==== RECORDED INFORMATION

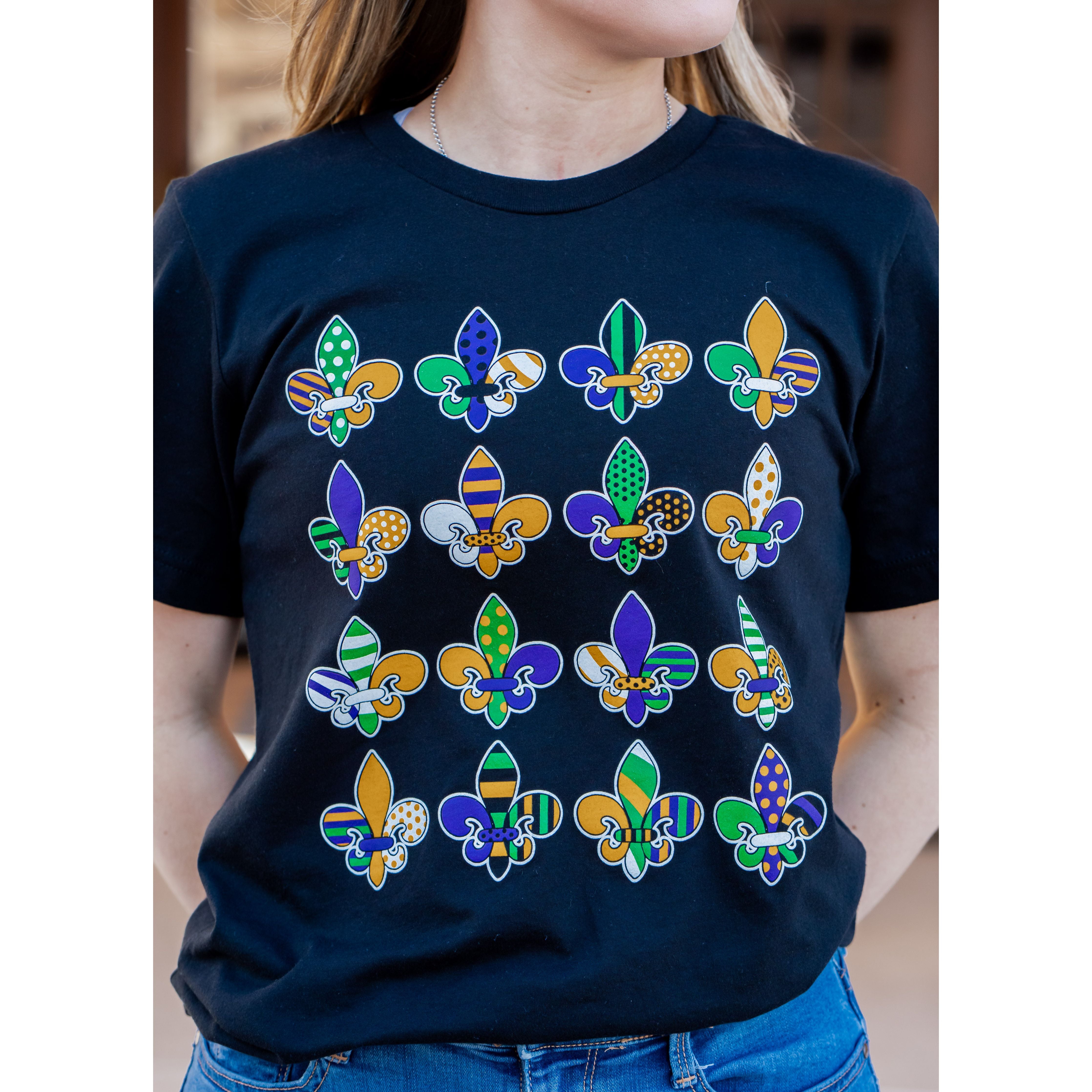 Celebrate Mardi Gras with classic elegance! This stunning Fleur De Lis patterned graphic tee features the iconic symbol of New Orleans in traditional Mardi Gras colors. The beautiful repeating fleur de lis pattern creates a sophisticated yet festive look that's perfect for Fat Tuesday celebrations and beyond.
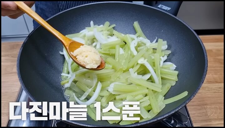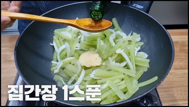 3) 다진마늘 한스푼을 넣고, 집간장 한스푼을 넣어 줍니다. 집간장이 들어가야 감칠 이 돕니다.
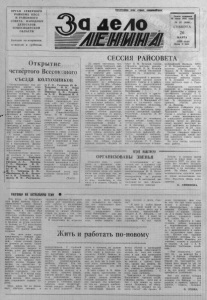 ОРГАН СЕВЕРНОГО РАЙКОМА КПСС И РАЙОННОГО СОВЕТА НАРОДНЫХ ДЕПУТАТОВ НОВОСИБИ РСКОЙ ОБЛАСТИ Выходит по вторникам, четвергам и субботам. Пролетарии в с е х с т р аи , с о е дин яйт е сь ! д е л о Газета основана Ю мюпя 1035 года № 37 (6261) СУББОТА 26 МАРТА 1988 года Цена 3 коп. О т к р ы т и е четвёртого Всесоюзного съ е зд а колхозников О существляемая под ру ководством партии перестройка направлен а д а благо народа , каждого советского человека. В достижении этой великой цели особо ответственна роль крестьянства страны, тружеников агропромышленного комплекса. Колхозы — неотъ ем лемая составная часть социалистический системы. И, . .в о п л о щ а я в жизнь ленинские идеи кооперации на современном этапе, т р у ж е ники села ставят перед собой задачу: решительно прибавить в работе, с максимальной энергией бороться за проведение а г р а р ной ночи'пЛ КПСС. С таким настроем собрались в Москве полномочные представители советского кпестьянства. 23 м арта в Кремлевском Дворце съездов начал работу чет- Beptbift Всесоюзный с ъ е з д колхозников. Аплодисментами вст р е т и ли д елегаты и гости с ъ е з да товарищей Горбачева М. с. . Воротникова В. И . , Громыко А. А. , Лигачева В. К. , Никонова В. П. , Рыж ков а Н. И. . Слюнько- ва Н. Н. Соломенцева С. , Чебпикова В. М . , йДепбиикого В. В . . Я к о в л е ва А. И Демичева П. Н . , Долгих В. И. , Р а з у м о в с к о го Г. п . , Соловьева Ю. Ф Талы зи на Н. В. , Язова Д. Т . , Б акл ан ов а О. Д . , Бирюкову А. П. , Лукьяно- | ва А. И . , Медведева В. А. По поручению союзного совета колхозников съ е з д открыл председатель кол хоза « 4 0 лет Октября» Панфиловского района Т ал ды-Курганской области К а захской ССР дважды Герой Социалистического Труда Н. И. Головацкий. ПоЛде и з б р а н и я руково дящих органов съ е з д а была у тверждена повестка дня. Делег аты обсудят вопрос об ускорении социально- экономического разви ти я колхозов в новых услови ях хозяйствован ия и д ем о к р а тизации управления, проект Закон а о кооперации в СССР и измен ения в Примерном у ставе колхоза, изберут союзный совет Колхозов. На утреннем заседании съ е з д а выступил Генера- льный секр е та р ь ЦК КПСС1 М. С. Горбачев. Его вы ступление было выслушан о с большим вниманием и неоднократно сопровождалось продолжительными аплодисментами. Всесоюзный съ е зд кол хозников продолжает свою работу. (ТАСС) СЕССИЯ РАЙСОВЕТА 22 м ар т а состоялась четв ер тая сессия Северного районного Совета народных депутатов двадцатого созыва. В повестку дня сессии были вынесены вопросы: «О выборах в районный Совет народных депутатов вместо выбывшего по избиратель ному округу № 3 8 » , «Информация о выполнении решений третьей сессии районного Совета народных д епу татов и о работе исполкома в Межсессионный период», «О мерах но улучшению торгового и бытового обслуживания населения района», «Отчет постоянной комиссии по социалистической законности и охране общественного пор я дк а » , «Отчет! директора Северного лесхоза по выполнению план а социального и экономического разви ти я рай она». Б ы л обсужден ор ганизационный вопрос и утвержд ен а повестка дня на п я т у ю сессию райсовета. В связи с выездом з а пределы района д еп у тата рай-* онного Совета по и зби р ател ь ному округу № 38, там состоялись выборы нового депутата. Им избран главный агроном колхоза «Бор ьб а за мир» Н. М. Буньков. Сессия утвердила протокол мандатной комиссии, Н. М. Б

========

EXERCISE DIRECTIONS:
Would you restate, word for word and with no pictures, only the lines from the opening of the material through the line with "3) 다진마늘 한스푼을", both included?

RESPONSE BOX:
 Celebrate Mardi Gras with classic elegance! This stunning Fleur De Lis patterned graphic tee features the iconic symbol of New Orleans in traditional Mardi Gras colors. The beautiful repeating fleur de lis pattern creates a sophisticated yet festive look that's perfect for Fat Tuesday celebrations and beyond.
 3) 다진마늘 한스푼을 넣고, 집간장 한스푼을 넣어 줍니다. 집간장이 들어가야 감칠 이 돕니다.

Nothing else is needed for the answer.